The Catalan case is entirely different. There may be serious political grievances
– some even legitimate – in Catalonia with what is perceived as Madrid’s
chauvinist attitude towards the region. And Madrid has certainly bungled its
response to Catalonia’s separatists. The images – especially the real ones – of riot police dragging grey-haired pensioners from polling stations
have mustered plenty of international sympathy for the separatist cause.

But Madrid has stayed well within the remit of international law and the
Spanish constitution. Its incompetence in public relations does not mean it is
wrong on the political question. It deserves international support against
the populist nationalism of the separatists. 

And the international community does support it. No state has expressed
support for Catalonia’s separatists or even hinted that recognition is a
possibility. The South Ossetian de facto foreign minister did show up in
Catalonia and offer to recognise its independence if Catalonia recognised South
Ossetia. But this would only underscore Catalonia’s feeble case for
independence given that South Ossetia has been recognised by a grand total of
four states and is effectively annexed by Russia.

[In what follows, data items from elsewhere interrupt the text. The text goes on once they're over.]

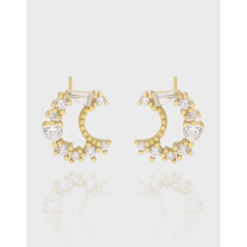 Malisse Celestial Crescent Earrings with Sparkling Gems
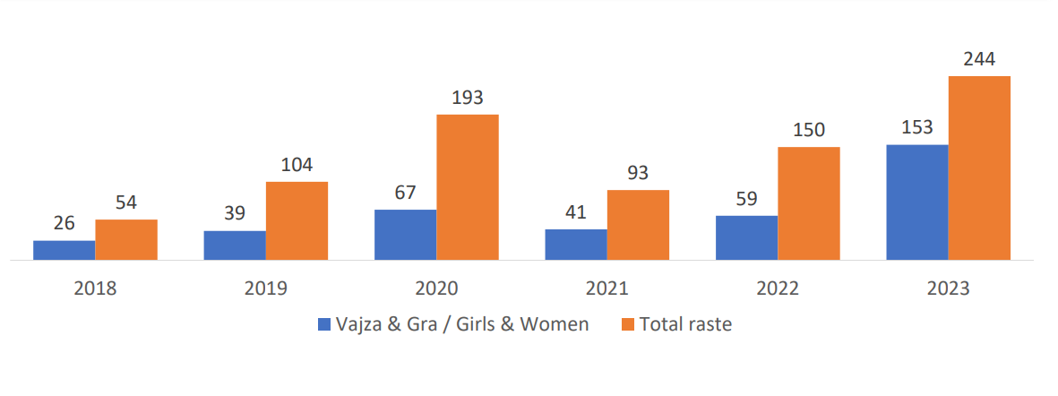 Në 2023, janë 153 vajza dhe gra që kanë raportuar, në krahasim me 59 në 2022 dhe 41 në 2021.
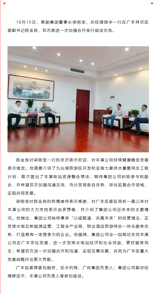高能集團董事長梁明寶一行拜訪上饒市廣豐區(qū)委副書記陳金良
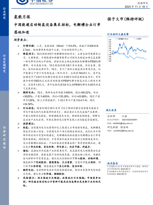 【华福证券】【20231118】氢能月报:中国能建启动制氢设备集采招标,电解槽企业订单落地加速-10页 行业研究

Even Russia, which has stoked separatist fires in Catalonia through its propaganda, says that it will not recognize Catalan independence.
The lack of recognition means that Catalonia’s declaration of independence will
remain worth little more than the paper it was written on. It is exactly because Madrid is in the right on
Catalonia that it should recognize Kosovo’s independence.

Democracy and morality

It is exactly because Madrid is in the right on Catalonia that it should
recognize Kosovo’s independence. In taking such a bold step, Spain would
demonstrate that it has an overwhelmingly strong case for retaining Catalonia. It
would send the message that it supports the legitimate aspirations of oppressed
peoples and takes seriously its commitment to universal human rights. And it
would show that its opposition to Catalonian independence is based on democracy
and morality, not on foolish consistency and a lawyerly reading of the Spanish
constitution.

Of course, Spanish recognition of Kosovo is not going to happen any time
soon. The political dynamics in Spain make such a move highly unlikely. If
anything, the Catalan crisis has only hardened Madrid’s stance towards Kosovo. But
as the crisis deepens, Madrid would do well to think less of foolish consistency
and law, and more of morality and politics.